##### Data to examine

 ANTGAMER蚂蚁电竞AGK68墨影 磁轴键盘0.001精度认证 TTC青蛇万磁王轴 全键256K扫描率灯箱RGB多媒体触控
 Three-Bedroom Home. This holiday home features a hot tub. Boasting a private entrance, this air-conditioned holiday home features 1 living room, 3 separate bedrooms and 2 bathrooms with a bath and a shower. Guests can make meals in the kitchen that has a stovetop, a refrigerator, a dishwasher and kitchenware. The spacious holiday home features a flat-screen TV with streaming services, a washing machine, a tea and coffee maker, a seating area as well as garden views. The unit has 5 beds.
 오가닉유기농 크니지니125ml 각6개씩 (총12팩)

##########
##### Data to examine

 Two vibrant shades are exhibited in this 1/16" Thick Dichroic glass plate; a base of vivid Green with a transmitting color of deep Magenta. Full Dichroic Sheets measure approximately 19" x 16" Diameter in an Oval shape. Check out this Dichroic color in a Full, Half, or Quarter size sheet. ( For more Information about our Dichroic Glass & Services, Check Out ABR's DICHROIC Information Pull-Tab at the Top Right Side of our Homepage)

##########
##### Data to examine

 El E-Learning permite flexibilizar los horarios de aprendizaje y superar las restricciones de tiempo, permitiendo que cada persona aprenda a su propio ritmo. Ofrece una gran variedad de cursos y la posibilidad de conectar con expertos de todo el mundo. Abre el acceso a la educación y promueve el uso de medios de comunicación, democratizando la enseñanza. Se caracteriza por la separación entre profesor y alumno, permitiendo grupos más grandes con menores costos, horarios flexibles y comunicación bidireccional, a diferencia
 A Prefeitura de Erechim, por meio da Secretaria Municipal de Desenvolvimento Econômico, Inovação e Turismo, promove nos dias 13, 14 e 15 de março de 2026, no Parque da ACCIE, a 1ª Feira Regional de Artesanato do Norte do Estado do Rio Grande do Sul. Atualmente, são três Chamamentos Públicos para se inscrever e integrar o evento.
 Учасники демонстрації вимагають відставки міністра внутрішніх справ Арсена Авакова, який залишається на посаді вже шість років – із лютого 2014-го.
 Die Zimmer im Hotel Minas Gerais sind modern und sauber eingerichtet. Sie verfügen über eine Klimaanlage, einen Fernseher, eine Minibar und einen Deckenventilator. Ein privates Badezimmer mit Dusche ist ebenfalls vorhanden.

##########

Give only the lines from the one holding "ANTGAMER蚂蚁电竞AGK68墨影 磁轴键盘0.001精度认证 TTC青蛇万磁王轴" through the one holding "오가닉유기농 크니지니125ml 각6개씩 (총12팩)", each restated exactly as it appears above.

- Written solution:
 ANTGAMER蚂蚁电竞AGK68墨影 磁轴键盘0.001精度认证 TTC青蛇万磁王轴 全键256K扫描率灯箱RGB多媒体触控
 Three-Bedroom Home. This holiday home features a hot tub. Boasting a private entrance, this air-conditioned holiday home features 1 living room, 3 separate bedrooms and 2 bathrooms with a bath and a shower. Guests can make meals in the kitchen that has a stovetop, a refrigerator, a dishwasher and kitchenware. The spacious holiday home features a flat-screen TV with streaming services, a washing machine, a tea and coffee maker, a seating area as well as garden views. The unit has 5 beds.
 오가닉유기농 크니지니125ml 각6개씩 (총12팩)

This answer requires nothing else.